Diese Arbeit ist inspiriert von realen Ereignissen und Personen, wurde jedoch zu kreativen Zwecken fiktionalisiert. Namen, Charaktere und Details wurden geändert, um die Privatsphäre zu schützen und die Erzählung zu verbessern. Jede Ähnlichkeit mit lebenden oder verstorbenen Personen oder mit realen Ereignissen ist rein zufällig und nicht beabsichtigt vom Autor.

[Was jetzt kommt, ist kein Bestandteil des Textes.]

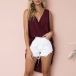 Sexy V-neck Sleeveless High-low Hem Solid Color Top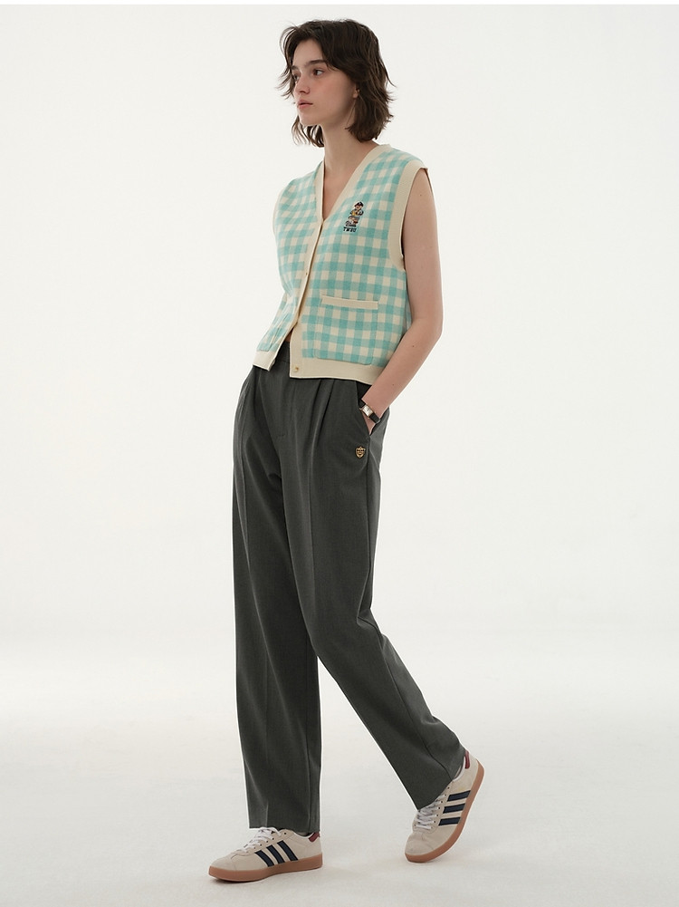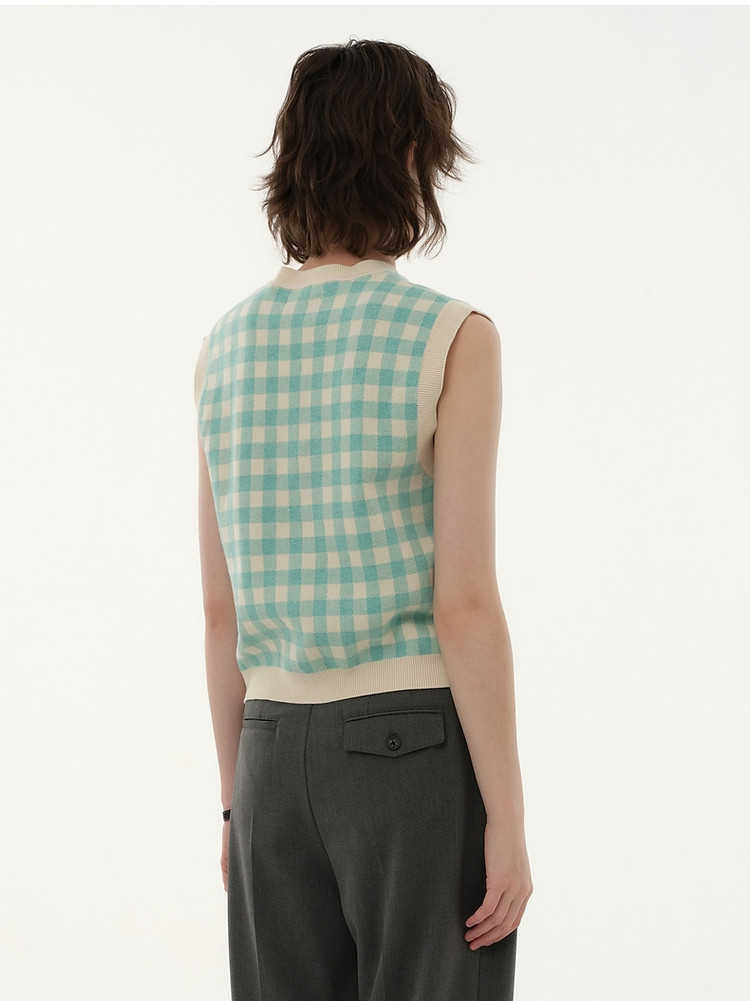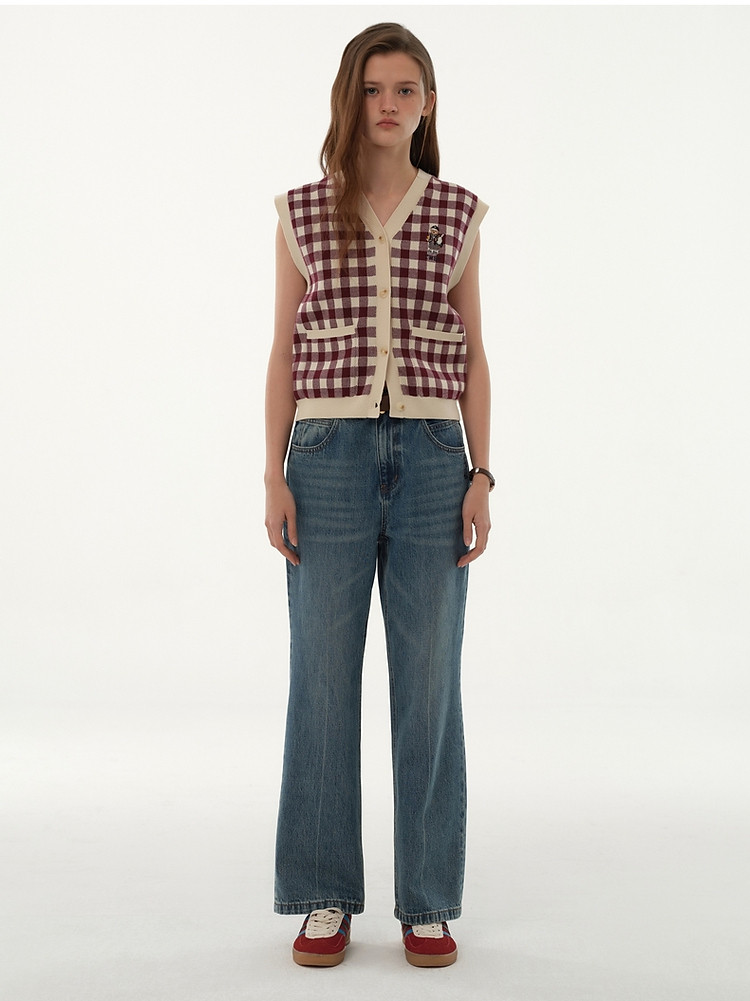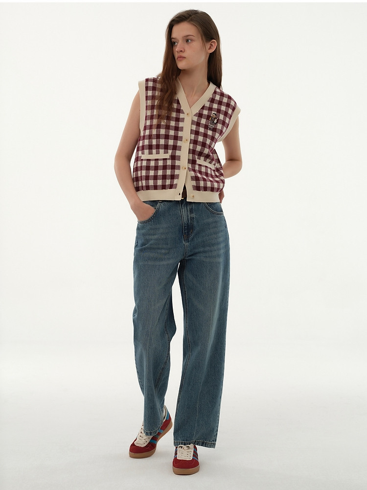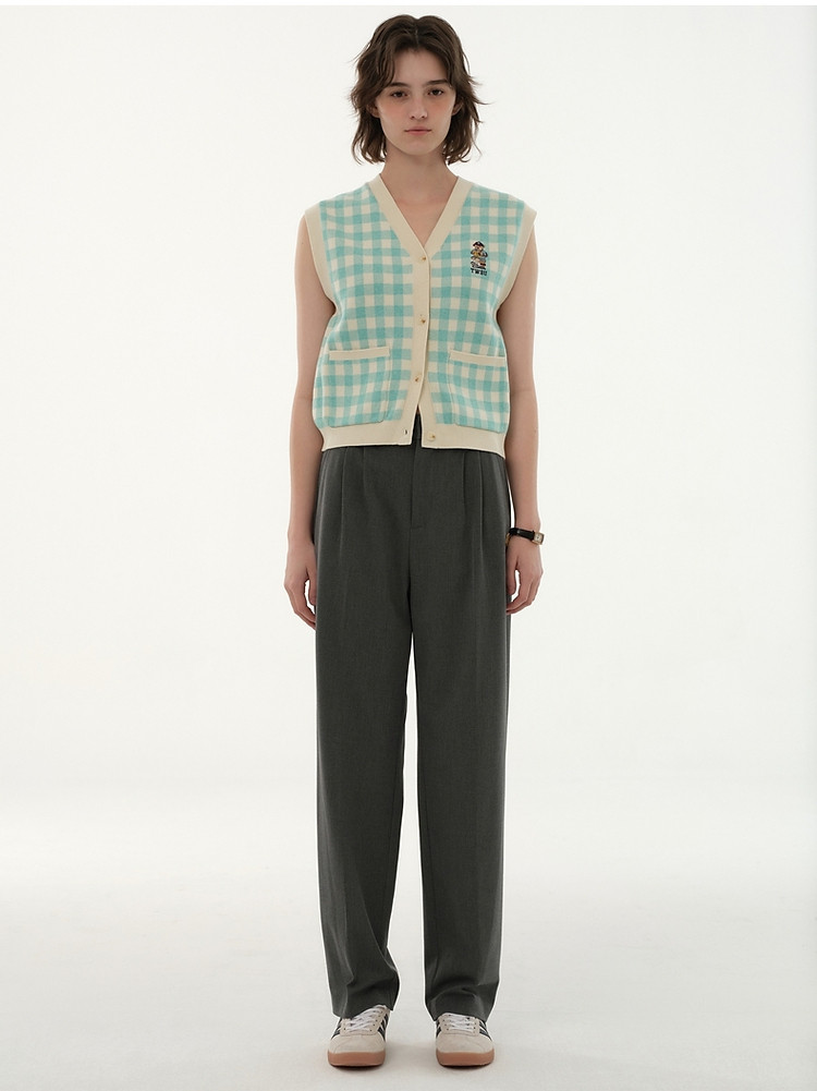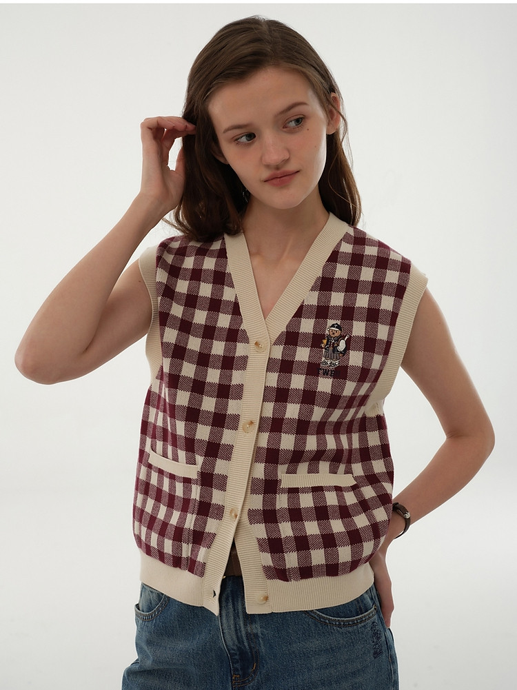 小熊多巴胺格纹毛衣开衫马甲背心针织衫 916929

Der Autor und der Herausgeber übernehmen keine Verantwortung für die Genauigkeit der Ereignisse oder für die Art und Weise, wie die Charaktere dargestellt werden, und sind nicht verantwortlich für mögliche Fehlinterpretationen. Diese Geschichte wird „wie sie ist“ angeboten, und alle geäußerten Meinungen gehören den Charakteren und spiegeln nicht die Ansichten des Autors oder des Herausgebers wider.